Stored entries
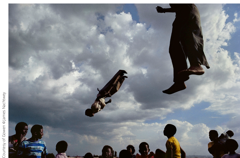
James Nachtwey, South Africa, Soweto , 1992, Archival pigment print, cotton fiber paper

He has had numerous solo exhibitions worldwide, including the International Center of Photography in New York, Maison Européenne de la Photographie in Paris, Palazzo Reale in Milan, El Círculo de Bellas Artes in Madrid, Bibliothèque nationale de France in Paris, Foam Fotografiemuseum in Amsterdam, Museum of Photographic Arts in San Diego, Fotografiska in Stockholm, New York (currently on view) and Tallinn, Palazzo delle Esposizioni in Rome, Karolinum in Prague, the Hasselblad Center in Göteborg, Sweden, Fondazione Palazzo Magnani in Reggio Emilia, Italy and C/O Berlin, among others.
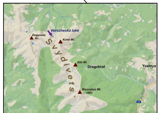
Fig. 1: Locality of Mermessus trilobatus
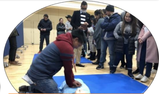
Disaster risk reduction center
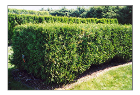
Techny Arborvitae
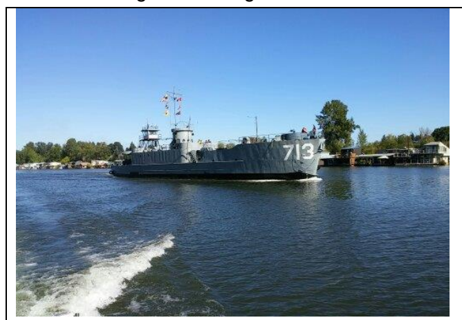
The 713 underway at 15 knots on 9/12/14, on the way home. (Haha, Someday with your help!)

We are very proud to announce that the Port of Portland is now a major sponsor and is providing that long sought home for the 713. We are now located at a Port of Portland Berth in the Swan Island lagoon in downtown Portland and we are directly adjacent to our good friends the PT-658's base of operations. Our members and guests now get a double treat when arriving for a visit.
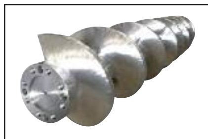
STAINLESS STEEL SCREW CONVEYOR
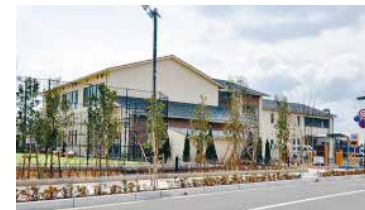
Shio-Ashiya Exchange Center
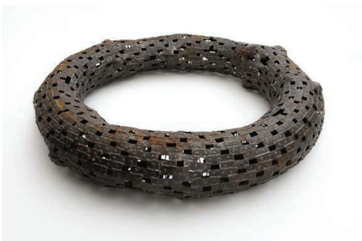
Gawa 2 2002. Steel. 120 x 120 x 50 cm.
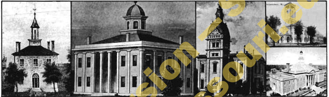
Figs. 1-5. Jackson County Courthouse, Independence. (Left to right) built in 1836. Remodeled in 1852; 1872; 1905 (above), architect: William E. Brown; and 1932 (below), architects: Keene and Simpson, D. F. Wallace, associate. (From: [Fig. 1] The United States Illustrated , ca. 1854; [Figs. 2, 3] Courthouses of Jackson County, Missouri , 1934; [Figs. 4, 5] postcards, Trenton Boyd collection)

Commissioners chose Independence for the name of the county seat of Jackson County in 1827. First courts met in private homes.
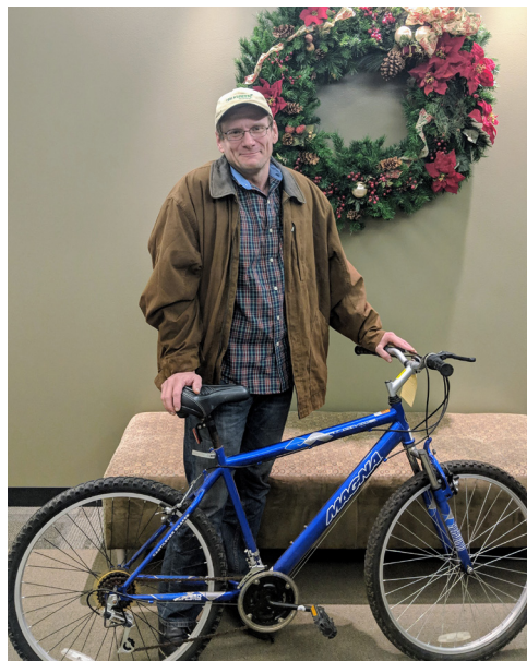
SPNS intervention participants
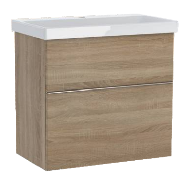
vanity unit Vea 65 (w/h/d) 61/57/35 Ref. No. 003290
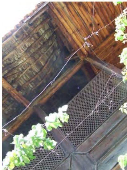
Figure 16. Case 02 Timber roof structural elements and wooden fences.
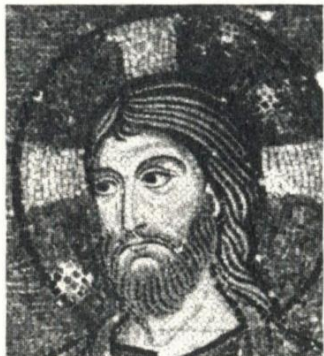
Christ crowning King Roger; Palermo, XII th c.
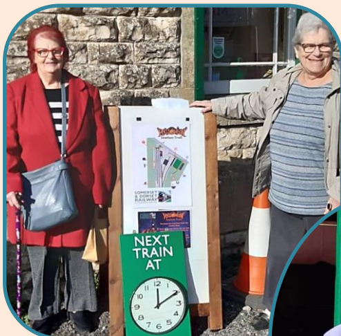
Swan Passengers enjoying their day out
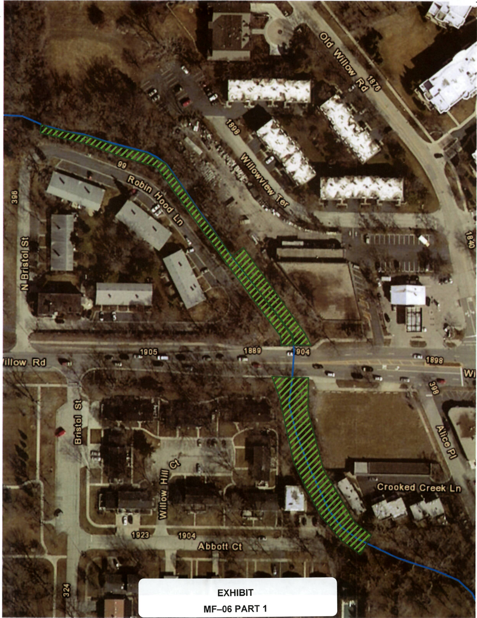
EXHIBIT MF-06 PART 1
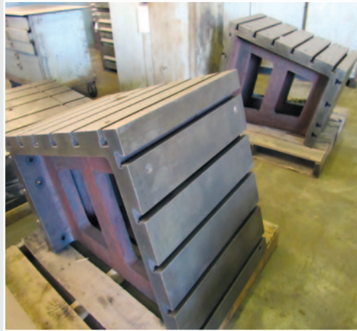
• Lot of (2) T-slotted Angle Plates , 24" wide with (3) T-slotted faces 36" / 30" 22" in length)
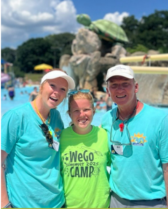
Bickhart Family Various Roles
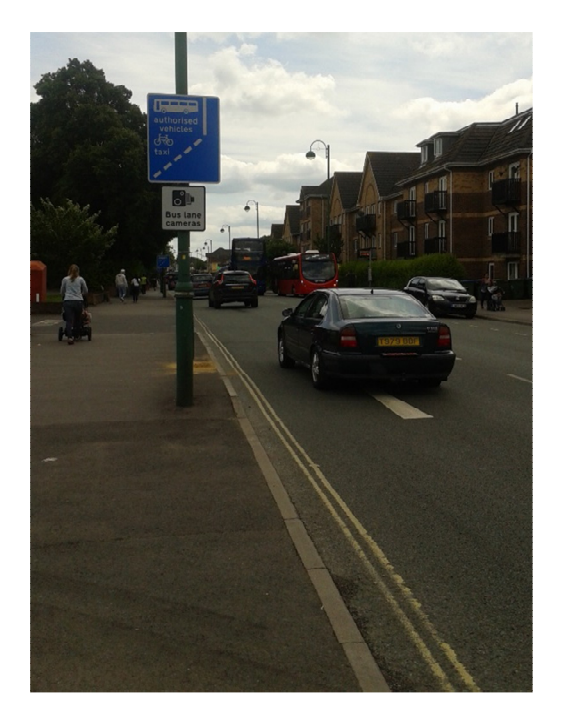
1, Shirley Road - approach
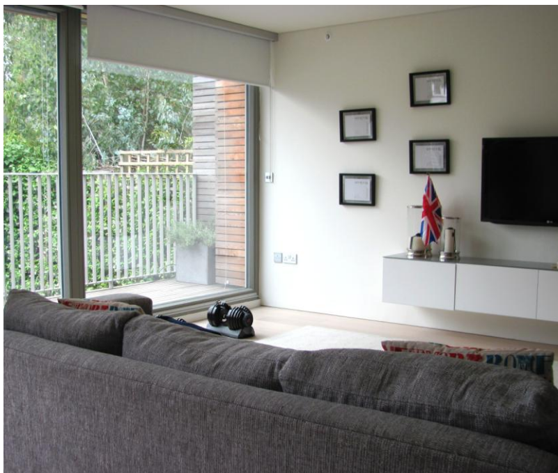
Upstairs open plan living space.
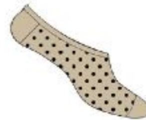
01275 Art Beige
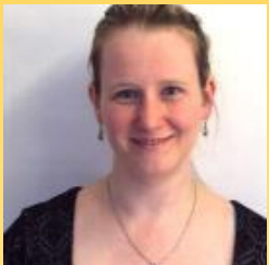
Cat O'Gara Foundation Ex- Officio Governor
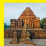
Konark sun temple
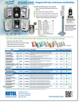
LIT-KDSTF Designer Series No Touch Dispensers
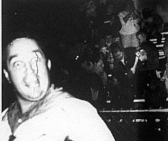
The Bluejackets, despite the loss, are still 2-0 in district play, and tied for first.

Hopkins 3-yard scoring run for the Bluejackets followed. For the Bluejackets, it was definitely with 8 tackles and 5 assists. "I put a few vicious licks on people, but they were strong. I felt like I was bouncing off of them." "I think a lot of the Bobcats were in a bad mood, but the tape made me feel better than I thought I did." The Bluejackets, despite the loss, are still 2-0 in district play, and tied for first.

* _TASK INSTRUCTIONS_:
Filter the lines above, keeping each one that contains the string "Jackson".

* _SOLUTION TO THE PROBLEM_:
Figs. 1-5. Jackson County Courthouse, Independence. (Left to right) built in 1836. Remodeled in 1852; 1872; 1905 (above), architect: William E. Brown; and 1932 (below), architects: Keene and Simpson, D. F. Wallace, associate. (From: [Fig. 1] The United States Illustrated , ca. 1854; [Figs. 2, 3] Courthouses of Jackson County, Missouri , 1934; [Figs. 4, 5] postcards, Trenton Boyd collection)
Commissioners chose Independence for the name of the county seat of Jackson County in 1827. First courts met in private homes.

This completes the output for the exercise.